Cox Communications agreed to pay $595,000 to end an FCC Enforcement Bureau investigation regarding its seeming failure to protect subscribers' personal data from a hacker. The FCC said it was its first privacy and data security enforcement action involving a cable operator. Paul Stephens, director of policy and advocacy at the nonprofit Privacy Rights Clearinghouse, said he wasn't aware of any others involving any other regulator.

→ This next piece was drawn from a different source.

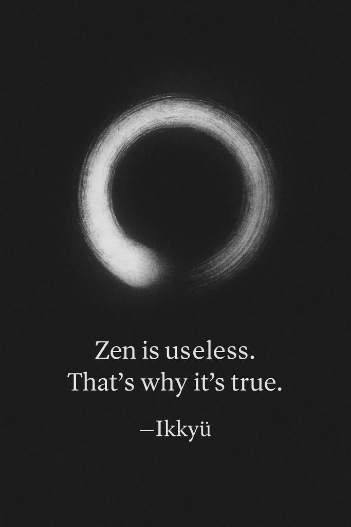 Ikkyü dit que le Zen ne sert à rien, et que c’est pour ça qu’il est vrai. Assez Zen à votre goût ça ? Pensez-y, à l’infini.
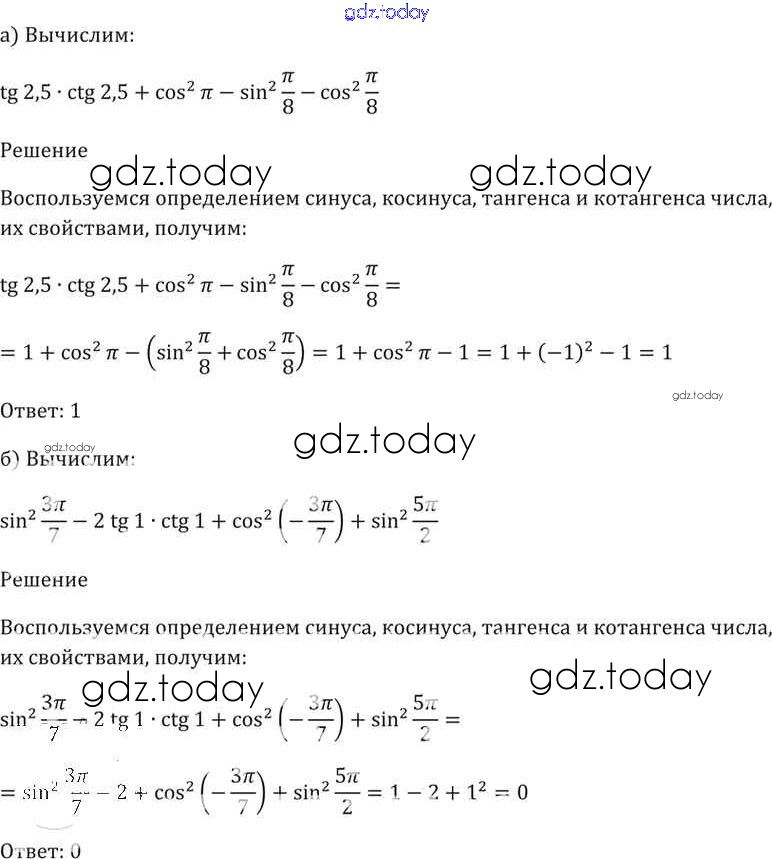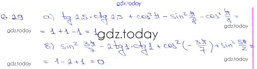 Ответы к §6. Синус и косинус. Тангенс и катангенс Глава 2 6. 29 Задачнику по Алгебре для 10-11 класса Мордкович, Денищева Базовый уровень Мнемозина 2015

John Malone is increasingly in the spotlight as part of the review of Charter Communications buying Bright House Networks and Time Warner Cable, as was expected (see 1508140001). The chairman of Liberty Media -- the single largest Charter shareholder -- came up repeatedly in comments posted Tuesday in docket 15-149 after the Monday deadline for replies to any comments in opposition to the $89.1 billion deals. Meanwhile, the Media Bureau requested information from Liberty Broadband, Liberty Interactive and Liberty Media (see here, here and here) as part of its review, including details on any involvement by Malone or other company officers in decisions by Discovery, Starz or any other programmer on what programming is presented and whether to distribute any video programming to a multichannel video programming distributor (MVPD) or online video distributor (OVD). Malone is also chairman of Liberty Broadband and Liberty Interactive.